La mujer se llamaba Susanne Geolas y era norteamericana, de Carolina del Sur. Había aterrizado en la ciudad para asistir a una conferencia trasatlántica de automoción y se iba en un par de días. Malpartida sintió que su suerte cambiaba. Después de todo lo que le había ocurrido tenía la oportunidad de tratar con alguien que le necesitaba y que, encima, estaba bastante buena. Su pelo castaño y sus ojos verdes la hacían muy atractiva. Aunque no vestía demasiado elegante, con esa camisa un tanto recargada, tenía un cuerpo tenso y bien formado. El problema es que no bebía más que coca-colas. A la segunda le pudo convencer para que metiese un poco de ron en sus hábitos saludables. Aceptó. Le dijo que hasta entonces había pensado que los ciudadanos de ese país eran tímidos y violentos, y veía que no, que había excepciones.

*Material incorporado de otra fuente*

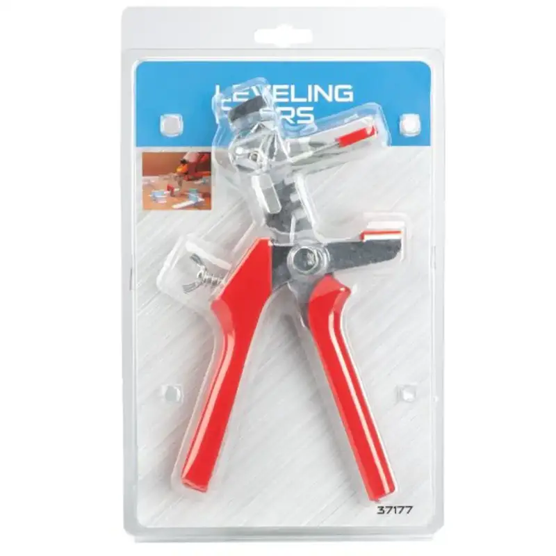 Kliešte nivelačné na dlažbu a obklady. Nivelačný systém je určený na presnú pokládku dlaždíc na podlahy aj steny a na odstranenie prípadného výškového rozdielu medzi dlaždicami. Skladá sa z dištančných spon a nivelačných klínkov vyrobených z kvalitného plastu. Kliešte sú určené na urýchlenie inštalácie a nastaviteľným mechanizmom možno regulovať tlak na dlaždice.

Malpartida se sintió orgulloso. Cuando ya tomaron un par de copas más se fueron al hotel. En la entrada ella no tuvo dudas, le indicó si quería subir. El dijo que sí, que por qué no, que total nadie le esperaba en casa, lo cual era cierto. Y subió. Al fin y al cabo había sido su salvador y, por lo que tenía entendido, las americanas eran muy liberales, mucho más que las locales, y solían pagar en especie.
Allí, en la habitación, comenzaron a desnudarse. El estaba un poco torpe y tuvo problemas para soltar el sujetador. No le pasó lo mismo con la tanga. Apenas hubo transición. Fue un polvo duro, de esos en los que la otra parte sabe que no hay misericordia, que cada uno va a dar el máximo, pero también va a exigir lo mismo. Y así fue. La noche se alargó en una especie de guirnaldas de caricias y de contracciones. Los polvos se multiplicaron y se extendieron por toda la habitación hasta acabar en el baño. Sus problemas se alejaron en olas de placer. Y él acabo mojado y rendido en una cama con dosel.